Home » Javascript » Node.js reliability for large application

Node.js reliability for large application

Posted by: admin February 12, 2018 Leave a comment


I am new to Node.js and am currently questioning its reliability.

Based on what I’ve seen so far, there seems to be a major flaw: any uncaught error/exceptions crashes the server. Sure, you can try to bullet-proof your code or put try/catch in key areas, but there will almost always be bugs that slip through the crack. And it seems dangerous if one problematic request could affect all other requests. There are 2 workarounds that I found:

  1. Use daemon or module like forever to automatically restart the server when it crashes. The thing I don’t like about this is that the server is still down for a second or two (for a large site, that could be hundreds (of thousands?) of request).

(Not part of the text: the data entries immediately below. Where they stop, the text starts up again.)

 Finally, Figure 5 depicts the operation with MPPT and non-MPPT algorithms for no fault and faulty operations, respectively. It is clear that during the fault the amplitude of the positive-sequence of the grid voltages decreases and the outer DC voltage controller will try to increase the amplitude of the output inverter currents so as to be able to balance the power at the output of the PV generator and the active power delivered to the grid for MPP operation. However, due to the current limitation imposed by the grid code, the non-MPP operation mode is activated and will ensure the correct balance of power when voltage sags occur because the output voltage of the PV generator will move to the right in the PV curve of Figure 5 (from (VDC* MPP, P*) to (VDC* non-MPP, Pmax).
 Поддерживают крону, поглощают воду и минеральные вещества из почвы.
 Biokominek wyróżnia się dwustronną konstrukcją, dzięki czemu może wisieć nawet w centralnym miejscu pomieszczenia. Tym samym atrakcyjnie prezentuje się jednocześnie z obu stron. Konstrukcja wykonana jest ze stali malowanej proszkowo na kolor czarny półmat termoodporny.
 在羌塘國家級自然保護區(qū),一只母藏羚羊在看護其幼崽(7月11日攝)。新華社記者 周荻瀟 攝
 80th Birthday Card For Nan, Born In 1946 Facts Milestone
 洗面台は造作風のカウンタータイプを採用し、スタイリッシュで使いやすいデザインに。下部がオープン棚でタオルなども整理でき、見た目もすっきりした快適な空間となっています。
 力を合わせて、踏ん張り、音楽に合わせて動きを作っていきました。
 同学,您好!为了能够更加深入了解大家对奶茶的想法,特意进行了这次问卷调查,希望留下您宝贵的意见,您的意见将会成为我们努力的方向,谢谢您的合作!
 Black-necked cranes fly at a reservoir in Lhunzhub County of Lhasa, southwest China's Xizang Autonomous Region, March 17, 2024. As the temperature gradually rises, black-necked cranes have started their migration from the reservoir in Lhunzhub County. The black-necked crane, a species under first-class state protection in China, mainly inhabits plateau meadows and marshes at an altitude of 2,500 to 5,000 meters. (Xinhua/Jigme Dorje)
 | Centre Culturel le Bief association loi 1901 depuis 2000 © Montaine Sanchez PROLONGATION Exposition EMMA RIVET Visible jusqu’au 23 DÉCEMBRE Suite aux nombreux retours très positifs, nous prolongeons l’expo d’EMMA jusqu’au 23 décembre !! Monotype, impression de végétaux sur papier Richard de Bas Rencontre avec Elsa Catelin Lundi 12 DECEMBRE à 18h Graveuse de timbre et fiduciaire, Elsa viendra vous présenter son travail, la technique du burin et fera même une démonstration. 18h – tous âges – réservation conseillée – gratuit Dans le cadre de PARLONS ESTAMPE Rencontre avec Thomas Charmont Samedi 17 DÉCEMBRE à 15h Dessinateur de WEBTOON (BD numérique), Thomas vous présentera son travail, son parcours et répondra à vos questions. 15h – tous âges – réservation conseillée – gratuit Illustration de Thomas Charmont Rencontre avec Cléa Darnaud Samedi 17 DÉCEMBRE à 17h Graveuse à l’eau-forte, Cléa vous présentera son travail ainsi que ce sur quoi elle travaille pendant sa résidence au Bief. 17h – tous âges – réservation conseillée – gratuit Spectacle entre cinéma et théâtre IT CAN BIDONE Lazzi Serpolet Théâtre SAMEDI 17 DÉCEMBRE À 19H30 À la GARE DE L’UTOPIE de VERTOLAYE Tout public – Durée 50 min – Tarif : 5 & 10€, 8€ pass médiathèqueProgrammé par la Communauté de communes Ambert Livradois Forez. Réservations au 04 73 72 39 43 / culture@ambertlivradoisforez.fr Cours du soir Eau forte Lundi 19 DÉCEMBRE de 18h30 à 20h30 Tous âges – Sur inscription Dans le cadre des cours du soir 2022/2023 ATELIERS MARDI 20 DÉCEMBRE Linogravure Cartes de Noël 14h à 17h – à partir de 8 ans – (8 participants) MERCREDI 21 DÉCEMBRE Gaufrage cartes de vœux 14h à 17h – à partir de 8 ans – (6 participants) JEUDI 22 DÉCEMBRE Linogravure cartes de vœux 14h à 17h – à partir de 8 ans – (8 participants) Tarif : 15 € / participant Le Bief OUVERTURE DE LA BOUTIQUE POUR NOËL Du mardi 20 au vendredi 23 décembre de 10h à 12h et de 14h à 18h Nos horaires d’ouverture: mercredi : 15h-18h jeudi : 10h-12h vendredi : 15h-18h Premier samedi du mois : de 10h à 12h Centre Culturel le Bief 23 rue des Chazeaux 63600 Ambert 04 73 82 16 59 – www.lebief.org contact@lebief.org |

  2. Catch uncaught exceptions using process.on('uncaughtException'). The problem with this approach (as far as I know) is that there is no way to get a reference to the request that causes the exception. So that particular request is left hanging (user sees loading indicator until timeout). But at least in this case, other non-problematic requests can still be handled.

Can any Node.js veteran pitch in?


For automatic restarts and load-balancing, I’d suggest you check out Learnboost’s up balancer.

It allows you to reload a worker behind the load-balancer without dropping any requests. It stops directing new requests towards the worker, but for existing requests that are already being served, it provides workerTimeout grace period to wait for requests to finish before truly shutting down the process.

You might adapt this strategy to be also triggered by the uncaughtException event.


You have got full control of the base process, and that is a feature.

If you compare Node to an Apache/PHP setup the latter is really just equivalent to having a simple Node server that sends each incoming request to it’s own process which is terminated after the request has been handled.

You can make that setup in Node if you wish, and in many cases something like that is probably a good idea. The great thing about Node is that you can break this pattern, you could for instance have the main process or another permanent process do session handling before a request is passed to it’s handler.

Node is a very flexible tool, that is good if you need this flexibility, but it takes some skill to handle.


Exceptions don’t crash the server, they raise exceptions.

Errors in node.js that bring down the entire process are a different story.

Your best bet (which you should do with any technology), is just test it out with your application as soon as possible to see if it fits.


An uncaught exception will, if not caught, crash the server. Something like calling a misspelled function. I use process.on('uncaughtException') to capture such exceptions. If you use this then, yes, the error sent to process.on('uncaughtException') is less informative.

I usually include a module like nomnom to allow for command-line flags. I include one called --exceptions which, when set, bypasses process.on('uncaughtException'). Basically, if I see that uncaught exceptions are happening then I, in development, start up the app with --exceptions so that when that error is raised it will not be captured, which causes Node to spit out the stack trace and then die. This tells you what line it happened on, and in what file.

Capturing the exceptions is one way to deal with it. But, like you said, that means that if an error happens it may result in users not receiving responses, et cetera. I would actually recommend letting the error crash the server. (I use process.on('uncaughtException') in apps, not webservers). And using forever. The fact is that it is likely better for the webserver to crash and then expose what you need to fix.

Let’s say you used PHP instead of Node. PHP does not abruptly crash the server (since it doesn’t really serve). It spits out really ugly errors. Sure, it doesn’t result in a whole server going down and then having to come back up. Nobody wants their clients to have any downtime. But it also means that a problem will persist and will be less noticeable. We’ve all seen sites that have said errors, and they don’t get patched very fast. If such a bug were to take everything down for one small blip (which honestly its not all that bad in the larger picture) then it would surely call attention to itself. You would see it happen and would track that bug down.

The fact is that bugs will exist in any system, independent of language or platform. And it is arguably better for them to be fatal in order for you to know they happened. And over time it causes you to become more aware of how these error occur. I don’t know about you, but I know a lot of PHP devs who make the same common mistakes time after time.